基于双向树长短时记忆网络的冠状动脉自动解剖标记

Automated anatomical labeling of coronary arteries via bidirectional tree LSTMs.

机构信息

CuraCloud Corporation, 999 3rd Ave, Ste 700, Seattle, WA, 98004, USA.

School of Biomedical Engineering, Sun Yat-Sen University, Guangzhou, Guangdong, China.

出版信息

Int J Comput Assist Radiol Surg. 2019 Feb;14(2):271-280. doi: 10.1007/s11548-018-1884-6. Epub 2018 Nov 27.

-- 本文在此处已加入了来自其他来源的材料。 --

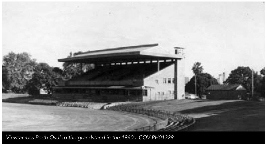
View across Perth Oval to the grandstand in the 1960s. COV PH01329
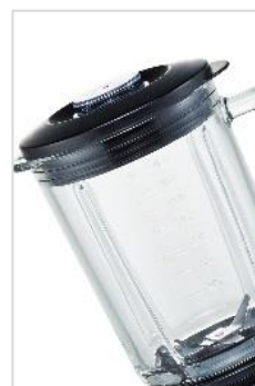
stable glass jug 1.8 l contents
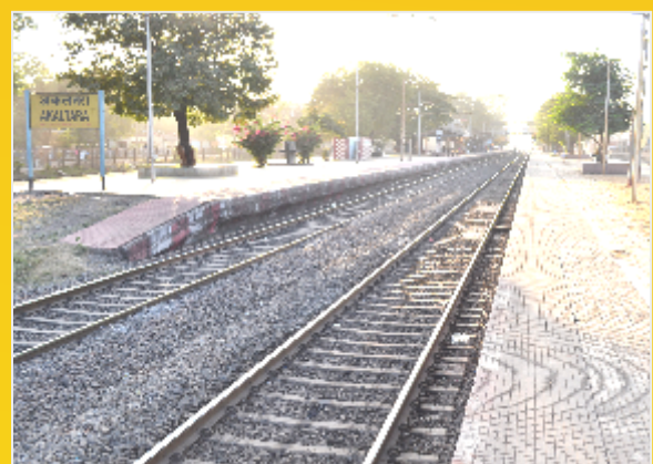
Raising of Platform at Akaltara Station
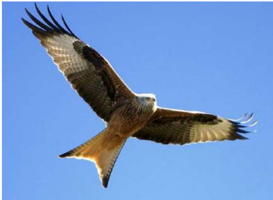
Red Kite ( milvus milvus )

As reported in an earlier edition of CCNL, a decision has been made to put the maximum labour effort into completing the locking room of the signal box with a view to bringing the operating floor down from Carrog yard quite soon.

DOI:10.1007/s11548-018-1884-6

PMID:30484116

Abstract

PURPOSE

Automated anatomical labeling facilitates the diagnostic process for physicians and radiologists. One of the challenges in automated anatomical labeling problems is the robustness to handle the large individual variability inherited in human anatomy. A novel deep neural network framework, referred to Tree Labeling Network (TreeLab-Net), is proposed to resolve this problem in this work.

METHODS

A multi-layer perceptron (MLP) encoder network and a bidirectional tree-structural long short-term memory (Bi-TreeLSTM) are combined to construct the TreeLab-Net. Vessel spatial locations and directions are selected as features, where a spherical coordinate transform is utilized to normalize vessel spatial variations. The dataset includes 436 coronary computed tomography angiography images. Tenfold cross-validation is performed for evaluation.

RESULTS

The precision-recall curve of TreeLab-Net shows that the four main branch classes, LM, LAD, LCX and RCA, have the area under the curve (AUC) higher than 97%. Other major side branch classes, D, OM, and R-PLB, also have AUC higher than 90%. Comparing with four other methods (i.e., AdaBoost, MLP, Up-to-Down and Down-to-Up TreeLSTM), the TreeLab-Net achieves higher F1 scores with less topological errors.

CONCLUSION

The TreeLab-Net is able to capture the characteristics of tree structures by learning the spatial and topological dependencies of blood vessels effectively. The results demonstrate that TreeLab-Net is able to yield competitive performances on a large dataset with great variance among subjects.

摘要

目的

自动化解剖学标注有助于医生和放射科医生进行诊断。在自动化解剖学标注问题中，一个挑战是具有鲁棒性，以处理人类解剖学中固有的个体变异性。在这项工作中，提出了一种新的深度神经网络框架，称为树标注网络（TreeLab-Net），以解决这个问题。

方法

多层感知机（MLP）编码器网络和双向树结构长短期记忆（Bi-TreeLSTM）相结合，构建 TreeLab-Net。选择血管空间位置和方向作为特征，其中利用球坐标变换对血管空间变化进行归一化。该数据集包括 436 例冠状动脉计算机断层血管造影图像。采用十折交叉验证进行评估。

结果

TreeLab-Net 的精度-召回曲线表明，LM、LAD、LCX 和 RCA 这四个主要分支类别的曲线下面积（AUC）均高于 97%。其他主要侧支类别，如 D、OM 和 R-PLB，AUC 也高于 90%。与其他四种方法（即 AdaBoost、MLP、Up-to-Down 和 Down-to-Up TreeLSTM）相比，TreeLab-Net 的 F1 评分更高，拓扑错误更少。

结论

TreeLab-Net 通过有效地学习血管的空间和拓扑依赖性，能够捕捉树结构的特征。结果表明，TreeLab-Net 能够在具有很大个体差异的大型数据集上获得有竞争力的性能。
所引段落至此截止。